Press releases may be edited for formatting or style | February 26, 2021 Operating Room
PHILADELPHIA - Heart attack, kidney failure, stroke. These are just a few of the life-threatening complications that patients are at risk for following surgery. Now Jefferson researchers have developed an easy-to-use, web-based tool that predicts the risk of post-surgical complications such as kidney failure and stroke. The model may help medical professionals put preventive measures in place before the need for emergency intervention.

"We need to be able to assess the risk of life-threatening, post-surgical complications so we can then come up with individualized ways to reduce those complications," says Sang Woo, MD, a clinical associate professor of medicine at Thomas Jefferson University who led the new research.
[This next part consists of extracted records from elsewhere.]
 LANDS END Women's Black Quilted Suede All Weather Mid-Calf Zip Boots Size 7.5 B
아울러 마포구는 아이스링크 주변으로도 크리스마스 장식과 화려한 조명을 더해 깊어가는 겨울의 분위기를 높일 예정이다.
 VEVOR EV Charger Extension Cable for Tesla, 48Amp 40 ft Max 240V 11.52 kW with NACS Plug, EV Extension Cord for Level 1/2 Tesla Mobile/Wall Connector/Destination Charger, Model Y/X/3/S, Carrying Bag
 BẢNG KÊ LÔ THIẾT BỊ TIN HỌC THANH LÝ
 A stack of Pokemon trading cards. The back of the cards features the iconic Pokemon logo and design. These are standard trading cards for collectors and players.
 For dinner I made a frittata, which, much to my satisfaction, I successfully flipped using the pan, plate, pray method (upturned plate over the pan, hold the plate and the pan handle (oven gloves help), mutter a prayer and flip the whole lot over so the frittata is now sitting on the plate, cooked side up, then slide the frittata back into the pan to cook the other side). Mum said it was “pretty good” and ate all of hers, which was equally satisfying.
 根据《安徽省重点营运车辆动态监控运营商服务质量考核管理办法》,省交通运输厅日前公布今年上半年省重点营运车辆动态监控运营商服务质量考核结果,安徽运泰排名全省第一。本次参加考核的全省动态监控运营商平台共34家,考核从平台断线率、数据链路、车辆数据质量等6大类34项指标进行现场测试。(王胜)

The need for better predictive risk models became clear to Dr. Woo after a patient suffered kidney failure following surgery and required medical intervention like dialysis. Another patient suffered a stroke following surgery to treat a fractured hip and suddenly needed emergency brain surgery.

"Seeing how much suffering those patients had gone through, I wanted to figure out what we could have done differently to prevent these life-threatening complications," Dr. Woo says.

Risk calculators that doctors currently rely on mainly assess for cardiac risks, such as heart attack or cardiac arrest. They do not provide risk assessment of other major complications like stroke, and doctors have not really paid much attention to risk assessment for kidney failure, Dr. Woo says.

"We wanted to assist doctors to be able to assess the risk of stroke, in addition to traditional risks," he says.

To develop a predictive model that was accurate and easy for clinicians to use, Dr. Woo drew on expertise in analyzing big data sets and machine learning, and collaborated with a multidisciplinary Jefferson research team including a surgeon, cardiologist, nephrologists and hospitalists.

"Often times we do the research and publish a research paper that is too complex to translate to the bedside," Dr. Woo says. "My goal from the beginning was to come up with a new model that is very practical and useful and that can be incorporated into routine patient care."

Now, in two recent studies, Dr. Woo and colleagues show that the model effectively predicts the risk of life-threatening, post-surgical complications.

In a study published online December 29, 2020 in the research journal Kidney360, Dr. Woo and colleagues developed a model to assess a patient's risk of developing acute kidney injury (AKI) following surgery. AKI is a serious medical issue. More than a third of patients that required dialysis following cardiac surgery died for example.